(Bloomberg) -- An email detailing a senior Morgan Stanley banker’s “visceral reaction” to doing business with billionaire Mike Ashley is among a trove of internal documents set to be pored over during a London trial into the bank’s “unfair” $995 million margin call.

The retail tycoon’s Frasers Group Plc sued Morgan Stanley and Danish lender Saxo Bank after the banks issued the massive margin call over Ashley’s derivatives trade positions in Hugo Boss AG. While the claim against Saxo Bank was settled, according to the documents, Frasers has pursued Morgan Stanley ever since.

The “out of blue” margin call, which was described by the US bank’s own employees as “‘ridiculous’, ‘crazy’, ‘insane’,” was intended to force Frasers out from its open position in Hugo Boss, lawyers for the British retailer said in documents given to court before the Wednesday start of trial.

The margin call was unfair and “capricious,” Frasers’ lawyers argued in legal filings. Simon Smith, the then-head of EMEA investment banking at Morgan Stanley, had a “visceral reaction” to the prospect of doing business with Frasers, which fueled its stand on the margin call, lawyers for Frasers said in court filings citing emails.

“We just don’t like him,” another Morgan Stanley banker had said in a reference to Ashley, Frasers’ lawyers said in their arguments.

Frasers’ claim is divorced from legal, factual and market reality and the retailer didn’t suffer any loss when it transferred the trades away from the Morgan Stanley, the US bank’s lawyers said in the opening arguments given to the court. 
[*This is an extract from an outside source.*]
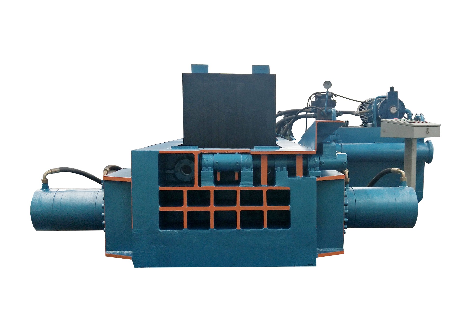 描述: 用途 Y81系列金屬液壓打包機(jī)可將各種金屬?gòu)U邊料(鋼刨花、廢鋼、廢鋁、廢銅、廢不銹鋼以及報(bào)廢汽車(chē)廢料等)擠壓成長(zhǎng)方體、八角形體,圓柱體等各種形狀的合格爐料。既可降低運(yùn)輸和冶煉成本,又可提高投爐速度。該系列打包機(jī)主要適用于鋼廠、回收加工行業(yè)及有色、黑色金屬冶煉行業(yè)。 特點(diǎn) 1、所有機(jī)型均采用液壓驅(qū)動(dòng),可選擇手動(dòng)或PLC自動(dòng)控制操作。 2、出料形式有翻包、推包(側(cè)推和前推)或人工取包(扛包)等不同方式。 3、安裝無(wú)需底腳螺絲,在無(wú)電源的地方,可采用柴油機(jī)作動(dòng)力。 4、擠壓力從63噸至1500噸有十幾個(gè)等級(jí),生···
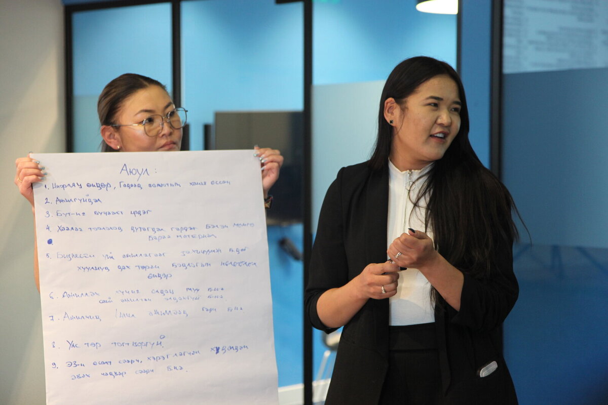 The training topics are interactive and are run by innovative experts in each focus area. So far, the topics covered include: organizational financial management by Mongoltax TMZ LLC's founder, Tax Specialist Advisor Tungalagmaa.Kh; company governance, internal policy, and risk management and training was conducted by Bartanbaatar.D, General Director of the Mongolian Institute of Human Resources, and Densmaa.T, Deputy Director of Mandal Financial Group; and marketing and sales management of recycled plastic products by Project Support Officer/Volunteer of the Australian Volunteers Program, Zach Conn and Business Mentor Ms. Murun Nyamdorj.

“Frasers has embarked on lawfare against the Morgan Stanley on an extraordinary scale,” the bank’s lawyers said. “Frasers advances wild allegations of bad faith and irrationality and asks the court boldly to go where it has never gone before.”

Smith didn’t take part in the decision on the margin call, which was based on stress tests and standard practice, lawyers for the US bank argue. Frasers’ trade positions posed significant potential risks to Morgan Stanley. 

There was no “irrationality” on the part of Smith or the bank when it decided not to enter into any contractual relationship with Frasers, they said.

Before the dispute arose Morgan Stanley was unwilling to offer corporate and advisory services to Frasers because of Ashley’s reputation, “deserved or otherwise,” for being litigious among other reasons, the bank’s lawyers said. 

Ashley’s retail firm was trading in options through Saxo Bank, which in turn executed them with the US bank, according to the filings. The margin call represented the risk that Hugo Boss’ share price might jump by more than 400% from the strike price and cause losses.

Ashley’s firm has sought about $50 million in damages.

“Frasers has never been a client of Morgan Stanley. This claim is contrived and without merit and we will defend it vigorously,” a spokesperson for Morgan Stanley said in an emailed statement. Lawyers for Frasers declined to comment.